The True Mother Goose

JACK AND JILL
Went up the hill
To have a little fun-
Stupid Jill
Forgot the pill
And now they have a son.

MARY HAD A LITTLE LAMB
Her father shot it dead
Now it goes to school with her
Between two hunks of bread.

SIMPLE SIMON met a Pieman
Going to the fair
Said Simple Simon to the Pieman
"What have you got there?"
Said the Pieman unto Simon
"Pies, you dumbass!"

THERE WAS A LITTLE GIRL,
who had a little curl
Right in the middle of her forehead...
And when she was good,
she was very very good
But when she was bad she got a fur coat, jewels, a sports car......
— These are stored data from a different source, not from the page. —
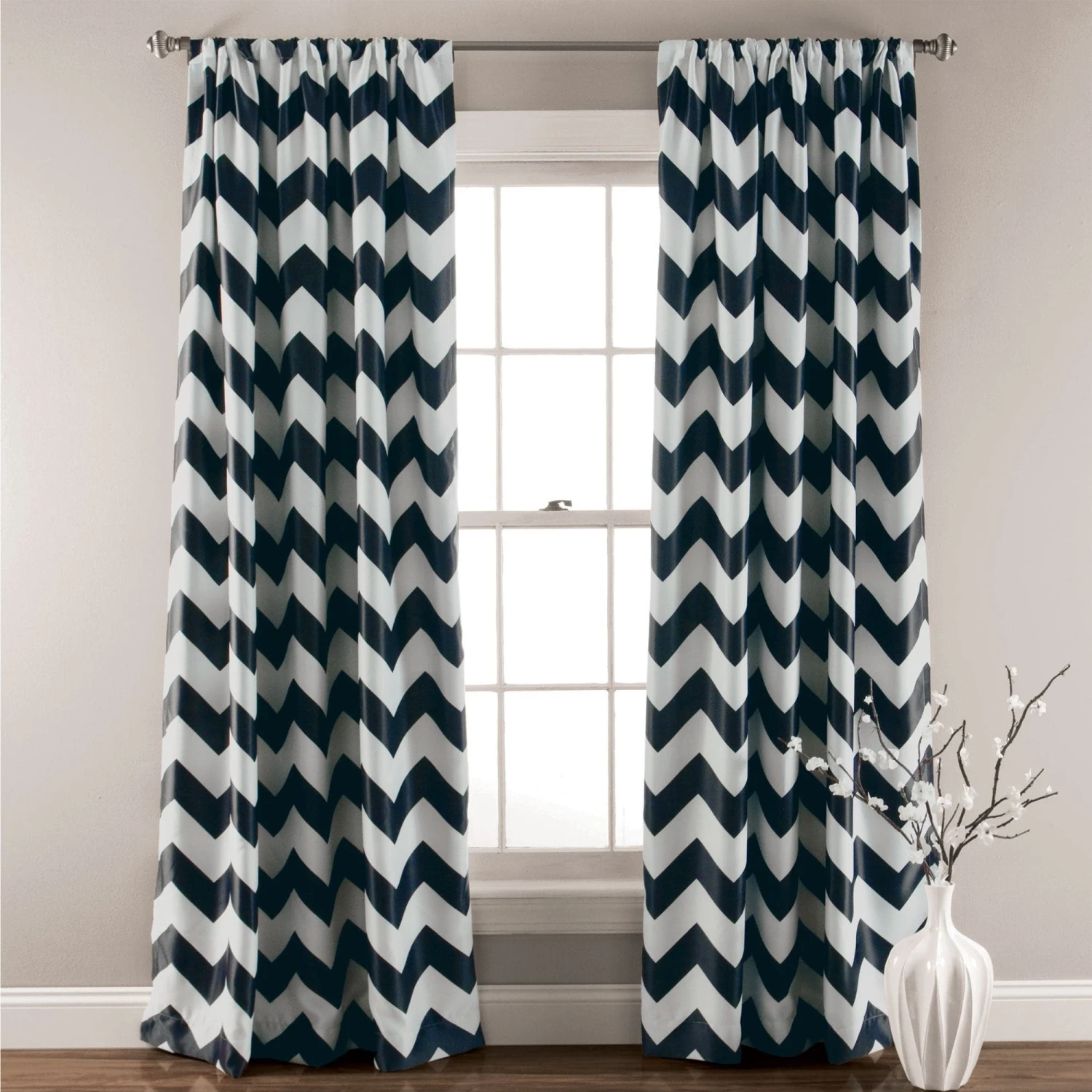 The Chevron Blackout Window Curtain Set is sold by the pair. Each panel measures 84 inches long and 52 inches wide. With multiple colors to choose from, you are sure to find the perfect match for your space.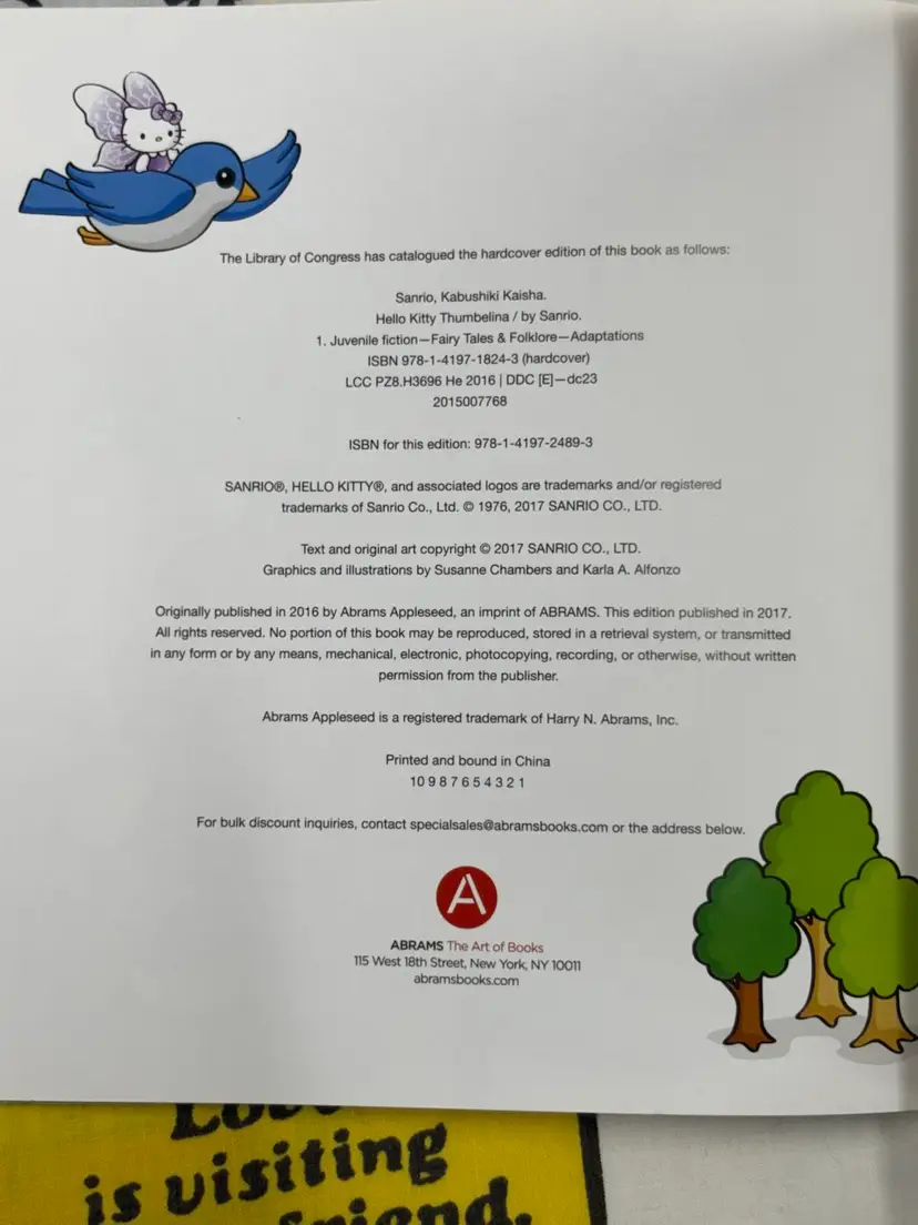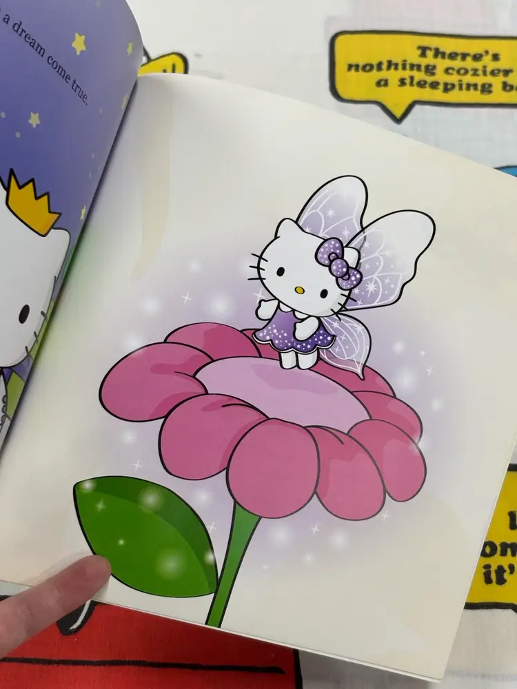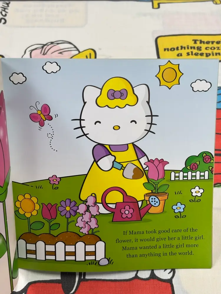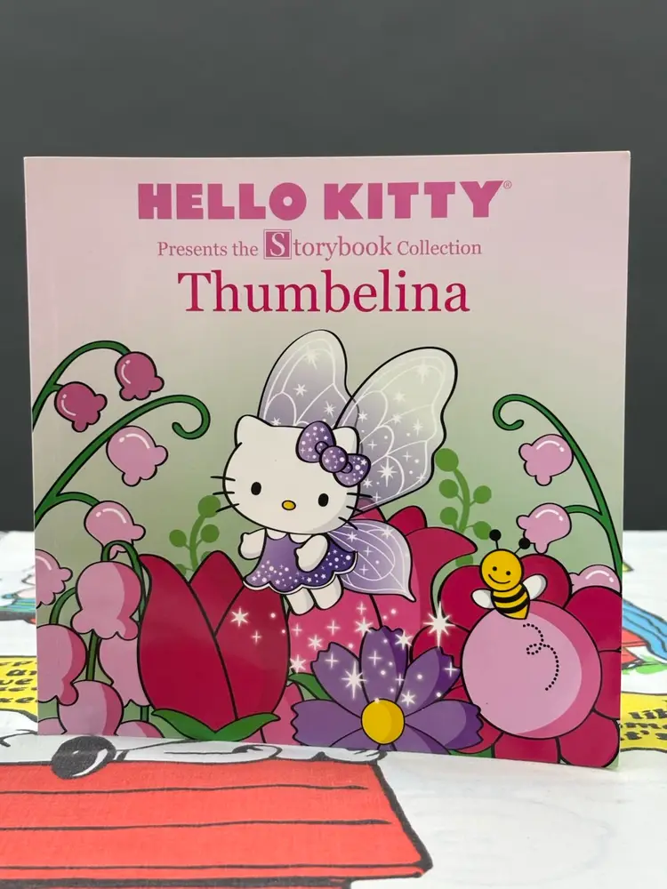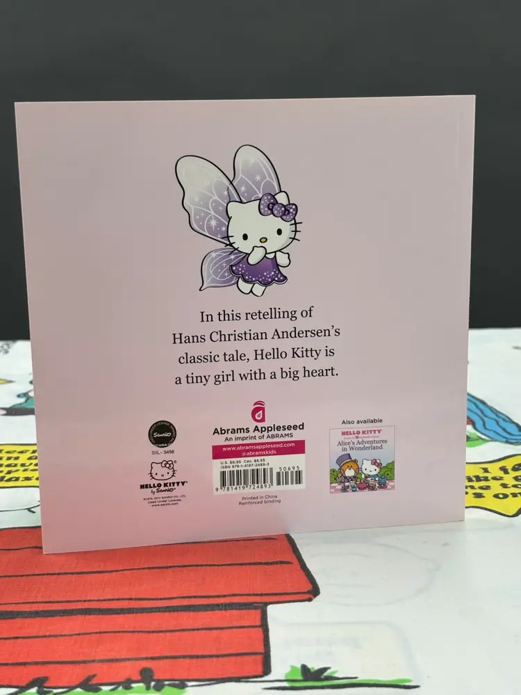 Hello Kitty as Thumbelina, published in 2017 by Abrams Appleseed. Nice softcover picture book. Has a stain(?) on the page with Hello Kitty flying above the flower as seen in the photos. Otherwise this book is in very good condition.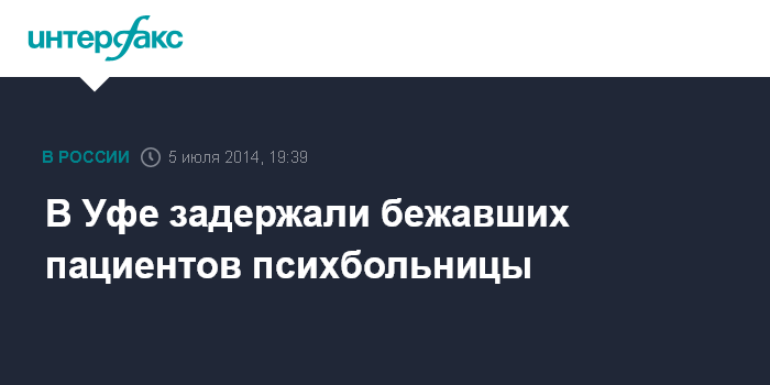 Москва. 5 июля. INTERFAX.RU - Полицейские в Уфе задержали двух сбежавших пациентов психиатрической больницы, сообщила пресс-служба МВД по Башкирии в субботу. В ходе поисков экипаж ГИБДД обнаружил их на дороге около поселка Авдон. В настоящие время беглецы помещены в лечебное учреждение.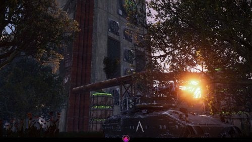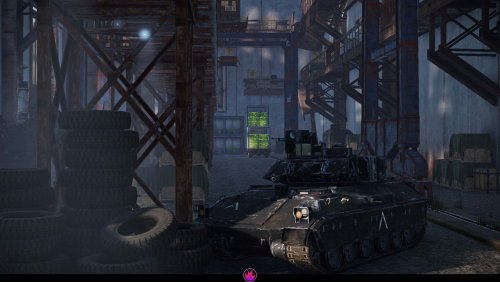 A highly aggressive Bradley patrols the entire plant and its territory. It navigates multiple paths, reaching nearly every corner, occasionally venturing onto the road outside, opening the factory doors independently to re-enter.
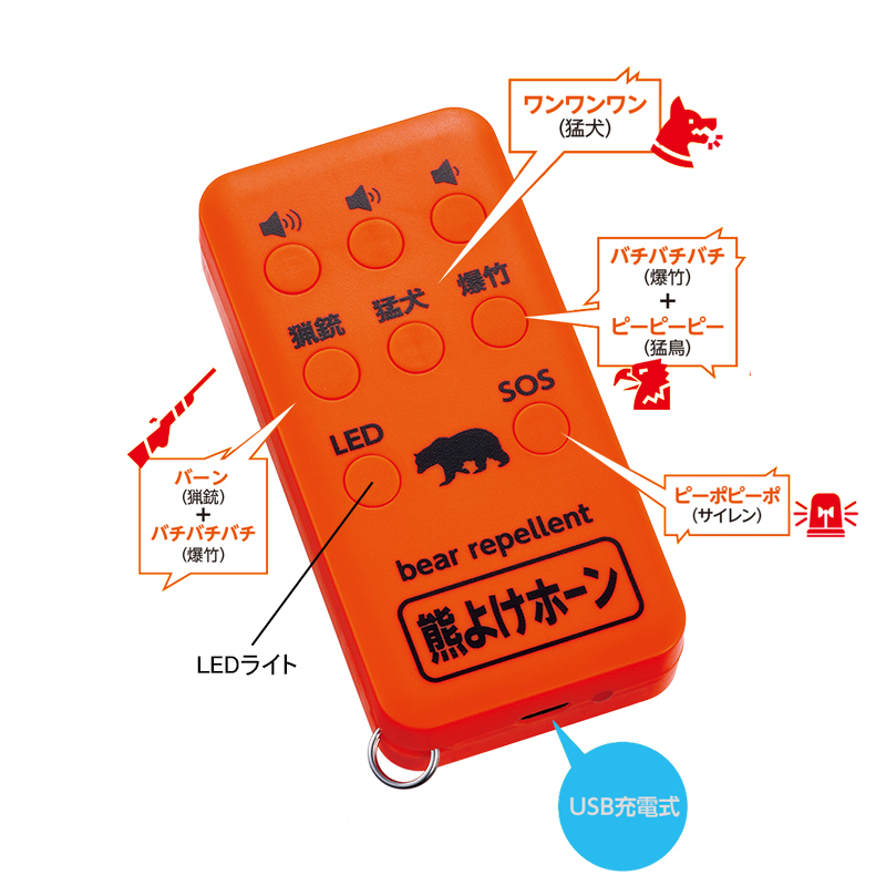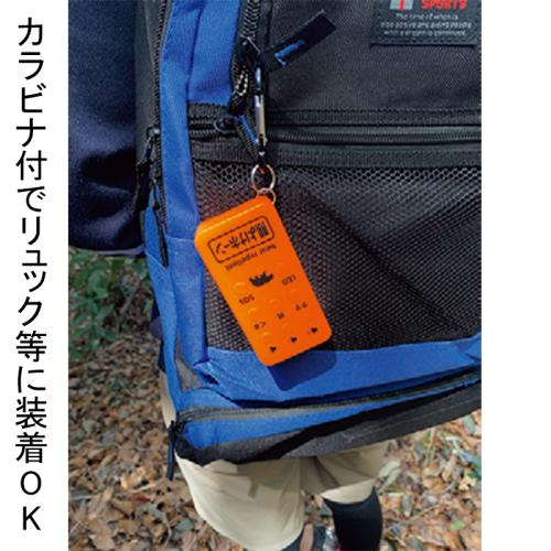 最大110dBの爆音で熊遭遇を回避。 音量は3段階。SOSボタンでサイレンを鳴らすことも可能です。 ●カラー:オレンジ ●サイズ(約):幅4.5×奥行9×高さ1.85cm ●重量(約):59g(カラビナ含む) ●材質:ABS樹脂、他 ●電源:内蔵リチウムイオン充電池(USB充電) ●充電時間(約):2時間 ●連続作動時間(約):最大10時間(音量などにより変動) ●音圧(約):最大110dB ●付属品:カラビナ、USBケーブルType-C ●中国製 ※ご使用後の返品・交換はお受けできません。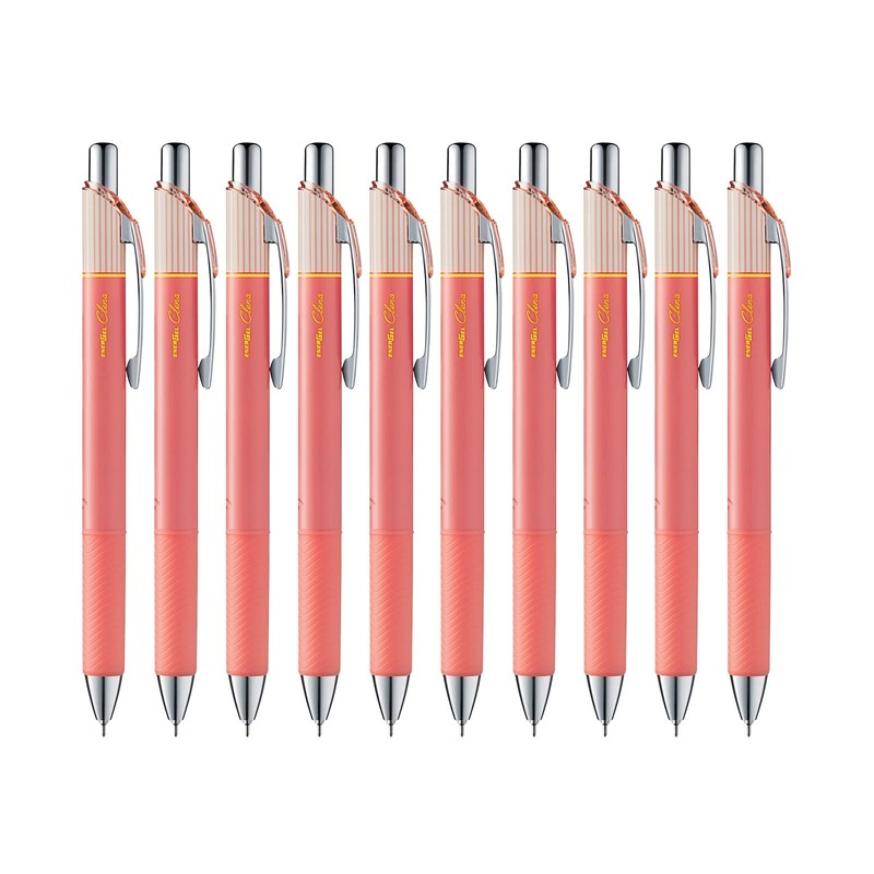 Pentel EnerGel Clena Bolígrafo Tinta Gel Líquida, Retráctil, Punto Fino, 0.5 mm, Cuerpo Rosa, Tinta Roja, Caja con 10 Piezas, BLN75L-B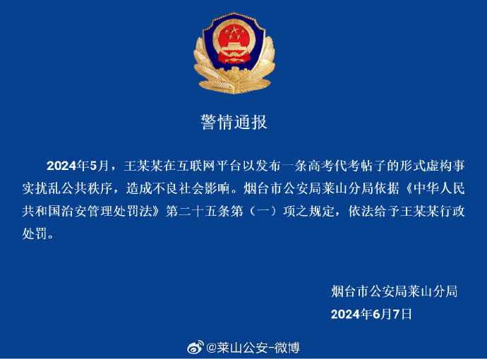2024年5月,王某某在互聯網平台以發布一條高考代考帖子的形式虛構事實擾亂公共秩序,造成不良社會影響。煙台市公安局萊山分局依據《中華人民共和國治安管理處罰法》第二十五條第(一)項之規定,依法給予王某某行政處罰。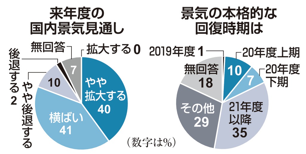 政府は公共工事を途切れさせないよう国土強靱(きょうじん)化を軸とした事業規模26兆円の経済対策を組んだが、大規模工事の着工には時間がかかり、「景気に現れるまで約1年必要」(機械)だ。このため、景気の本格的な回復時期は「21年度以降」が35%と最も多く、「19年度」が1%、「20年度」も17%にとどまった。「その他」を選んだ29%からも「当面、力強い回復を見込んでいない」(銀行)など弱気な意見が続いた。

HUMPTY DUMPTY sat on a wall
Humpty Dumpty had a great fall
All the kings horses and all the kings men Had scrambled eggs on toast
for breakfast.

HICKORY DICKORY DOCK,
Three mice ran up the clock
the clock struck one,
and the others got away with minor injuries.

HEY DIDDLE, DIDDLE,
the cat did a piddle,
all over the bedside clock,
The little dog laughed to see such fun
when it died of electric shock.

MARY HAD A LITTLE LAMB,
that walked into a pylon,
10,000 volts went up it's arse,
And turned it's wool to nylon.

GEORGIE PORGY Pudding and Pie
Kissed the girls and made them cry.
When the boys came out to play
He kissed them too 'cause he was gay.